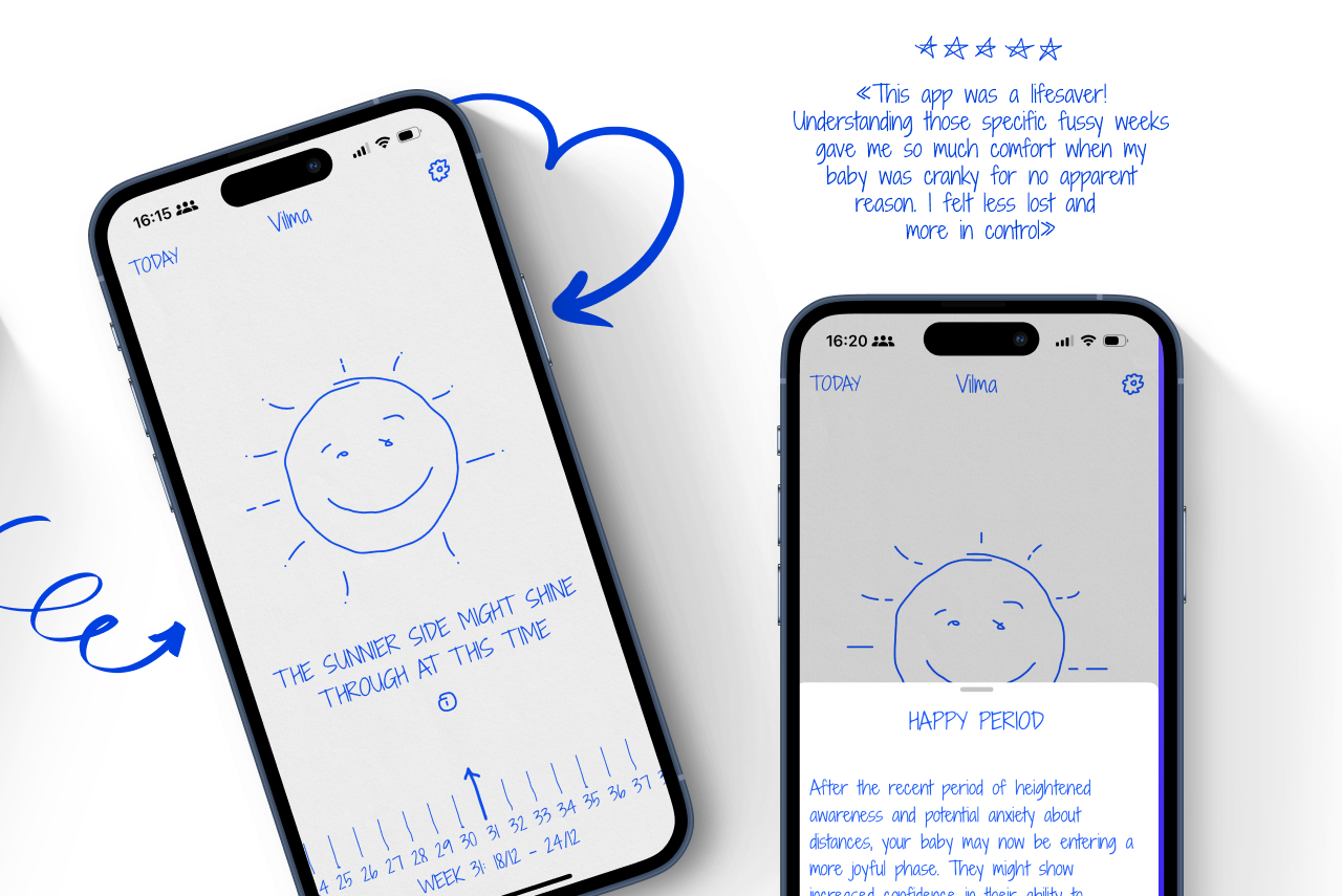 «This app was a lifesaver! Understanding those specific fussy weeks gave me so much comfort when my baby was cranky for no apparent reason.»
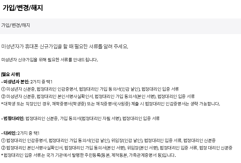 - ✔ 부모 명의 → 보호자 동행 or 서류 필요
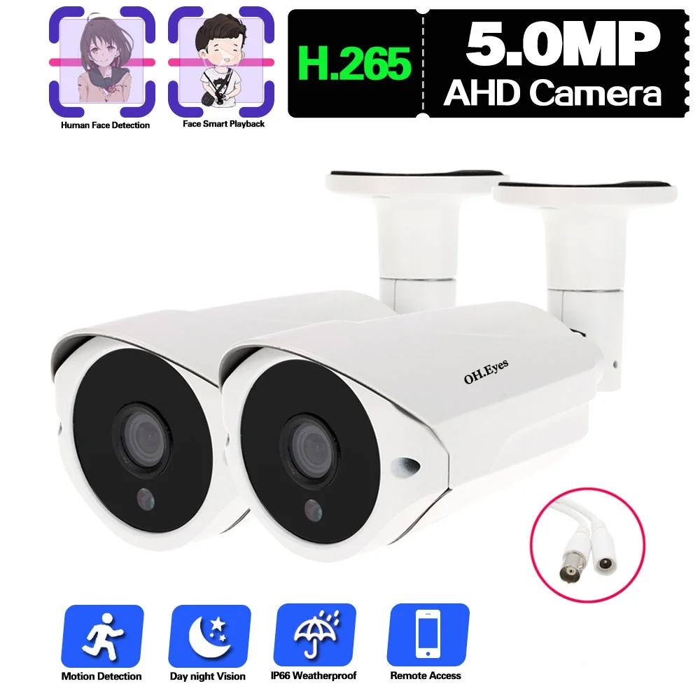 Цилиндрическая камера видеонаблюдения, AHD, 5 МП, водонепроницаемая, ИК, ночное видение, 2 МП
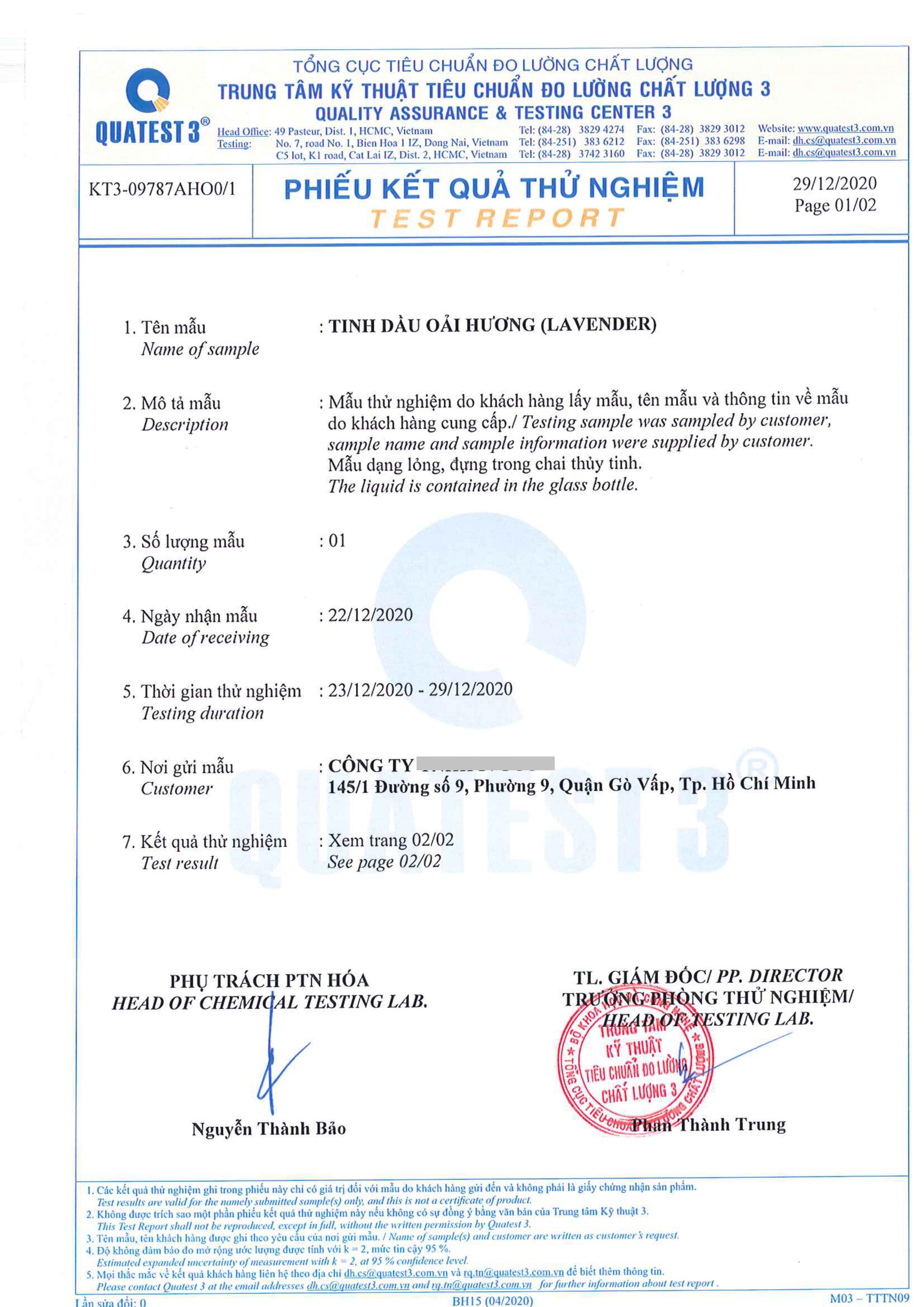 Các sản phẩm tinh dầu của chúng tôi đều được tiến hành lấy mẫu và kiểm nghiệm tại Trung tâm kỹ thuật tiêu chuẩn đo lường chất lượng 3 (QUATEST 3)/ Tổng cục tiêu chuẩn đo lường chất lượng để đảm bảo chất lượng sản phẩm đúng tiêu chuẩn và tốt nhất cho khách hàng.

···

> _Brief_:
Skip the pictures; extract only the lines from the line with "- ✔ 부모 명의 → 보호자 동행 or 서류 필요" through the final line of the material, exactly as they appear.

> _Output for this task_:
 - ✔ 부모 명의 → 보호자 동행 or 서류 필요
 Цилиндрическая камера видеонаблюдения, AHD, 5 МП, водонепроницаемая, ИК, ночное видение, 2 МП
 Các sản phẩm tinh dầu của chúng tôi đều được tiến hành lấy mẫu và kiểm nghiệm tại Trung tâm kỹ thuật tiêu chuẩn đo lường chất lượng 3 (QUATEST 3)/ Tổng cục tiêu chuẩn đo lường chất lượng để đảm bảo chất lượng sản phẩm đúng tiêu chuẩn và tốt nhất cho khách hàng.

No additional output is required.